On October 23, the Japanese version of the single was released in Japan. The single ranked 9th on Oricon's Top 10 Daily Charts right away on the day of its release.

==Music video==

===Background===
The teaser for the video, released on August 8, first showed Kim Hyung-jun riding an airplane to see the top view of Hanseo University's airfield. It then showed him having fun with his friends on a summer trip while playing the single in the background. Kota was also shown in the video, both seen singing with Kim together and interacting with their friends.

Kim Do Yeon, who was behind the music videos of IU's "Last Fantasy" and Wanted's "Going To You", and movie director Park Jong Chul, who worked for films Arrow, The Ultimate Weapon and The Temperature of Romance were the directors of the music video. The official music video was released on August 13, 2013.

===Synopsis===

The song is an acoustic medium R&B produced by Kim himself, while the music video has an innocent love story theme, filmed on Hanseo University' airfield, and even capturing sights in the sky.

The video, running for three minutes and thirty-nine seconds, begins a sound of a car engine starting and a still image of an airplane plushie hanging on the rear-view mirror; Kim Hyung-jun and Kota are inside the car with Kim driving it, ready to have a vacation. After the song title is displayed, Kim and his friends start to run from the beach side towards an ice cream vendor, who puts his hand out to stop them. They then start to line up with Kim behind them all. Their faces show anticipation and craving for the ice cream while the vendor takes his time preparing the dessert. A time lapse of the beach-side starting from the afternoon until the evening pops out, finishing the song introduction. Kota begins the song, her friends dancing around in the background, then cuts to a scene wherein she and Kim are sharing one ice cream cone and looking at each other afterwards. Kim then sings his part of the verse with the video continuing the ice cream scene wherein Kota pushes the food towards Kim's face.

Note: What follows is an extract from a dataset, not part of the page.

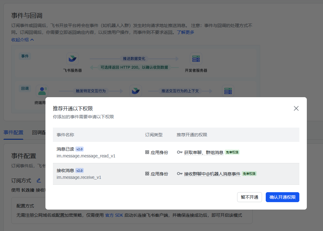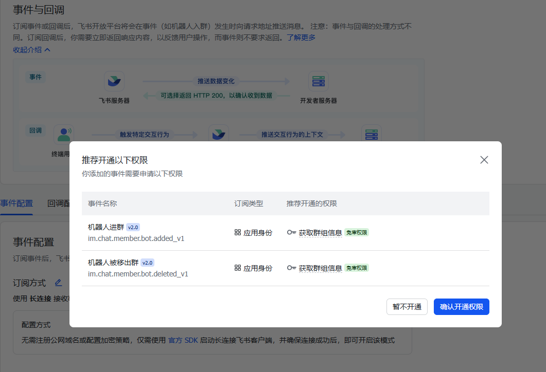 订阅事件或回调后,飞书开放平台将会在事件(如机器人入群)发生时向请求地址推送消息。 注意:事件与回调的处理方式不同。订阅回调后,你需要立即返回响应内容,以反馈用户操作,而事件则不要求返回。

The video then cuts to several close-ups with Kim and Kota, as well as scenes featuring both of them with their friends having fun on the seaside and dancing around the bonfire. During the second chorus at around two minutes and ten seconds, a plane taking off the runway is seen. Seconds later, the video cuts between Kim inside the plane as well as the scenery of the island and Hanseo University' airfield.

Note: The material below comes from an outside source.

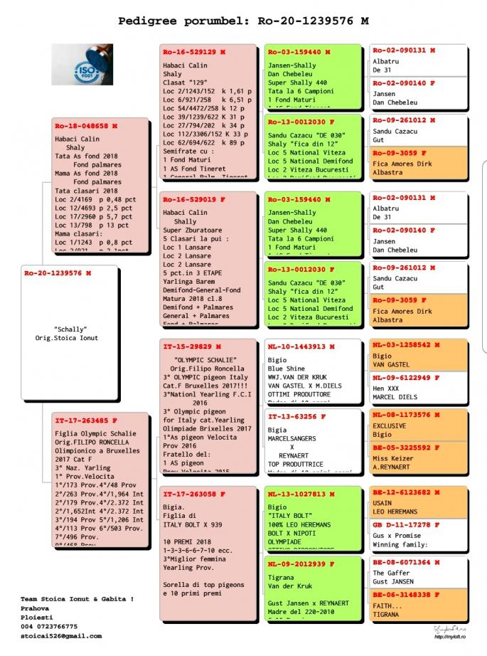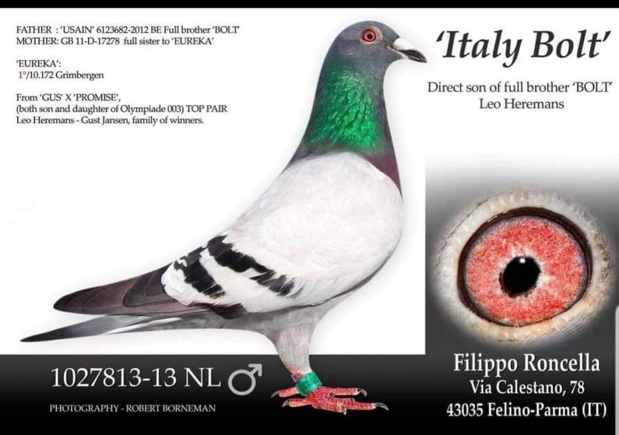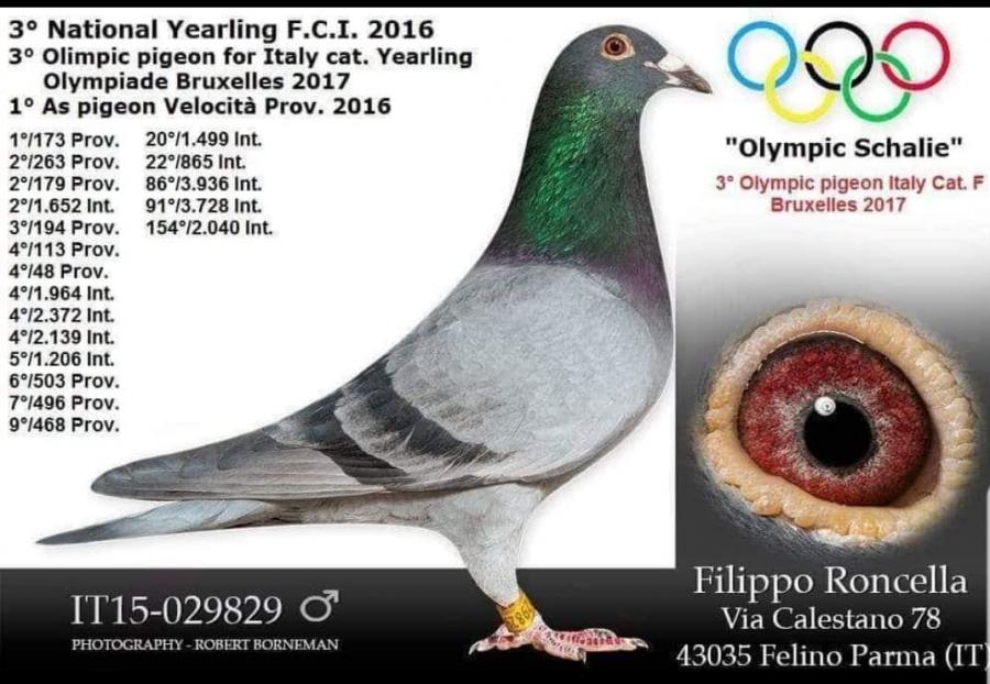 Nepot OLYMPIC SCHALIE - Filipo Roncella 3 Olympic Pigoen italia Cat. F. Bruxelles 2017 3 National Yearling F.C.I. 2016 3 Olympic Pigeon Italia Cat. Y. 1 AS pigeon Velocita Prov. `16

The video ends with the back view of Kim and Kota sitting on the sand and watching the sunset over sea with their Korean names seen below the "우리둘이" song title.

==Track listing==

===Korea edition===

| No. | Title | Lyrics | Music | Arrangement | Length |
|---|---|---|---|---|---|
| 1. | "Always Love You" | Jang Young-wan (장영완), Tae Bong-i (태봉이), Iyuna (이유나) | Jang Young-wan (장영완), Tae Bong-i (태봉이) | Tae Bong-i (태봉이), Iyuna (이유나) | 3:27 |
| 2. | "Always Love You" (instrumental) |  | Jang Young-wan (장영완), Tae Bong-i (태봉이) | Iyuna (이유나) | 3:27 |

===Japan edition===

| No. | Title | Lyrics | Music | Arrangement | Length |
|---|---|---|---|---|---|
| 1. | "Always Love You" (Japanese edition) |  | Jang Young-wan (장영완), Tae Bong-i (태봉이) | Iyuna (이유나) | 3:27 |
| 2. | "Always Love You" (Korean edition) | Jang Young-wan (장영완), Tae Bong-i (태봉이), Iyuna (이유나) | Jang Young-wan (장영완), Tae Bong-i (태봉이) | Iyuna (이유나) | 3:27 |
| 3. | "Always Love You" (Instrumental) |  | Jang Young-wan (장영완), Tae Bong-i (태봉이) | Iyuna (이유나) | 3:27 |

Type A
| No. | Title | Length |
|---|---|---|
| 1. | "Making of "Always Love You" music video" |  |

Type B
| No. | Title | Length |
|---|---|---|
| 1. | "Photobook" |  |

==Charts==

| Chart | Country | Peak position | Sales |
| Gaon Weekly Digital Charts | South Korea | 72 |  |
| Gaon Weekly Download Charts | 57 | 24 497 |
| Oricon Top 10 Daily Charts | Japan | 9 |  |
| Oricon Weekly Charts | 30 |  |

==Credits==

- Kim Hyung-jun and Kota – vocals
- Miho – Piano, string arranger
- Jyeong Suwan (정수완) – guitar
- Yung Seuteu Ling (융스트링) – string
- Park Chan (박찬) and Sin Sujin (신수진) – chorus

- Jang Young-wan (장영완) – composer and lyricist
- Tae Bong-i (태봉이) – composer, lyricist, and arranger
- Iyuna (이유나) – lyricist and arranger
- Kang Haegu (강해구) – recording engineer
- 박힉 – mixing engineer
- Gik Hyoyeong (칙효영) – mastering engineer

Credits adapted from "Always Love You" liner notes.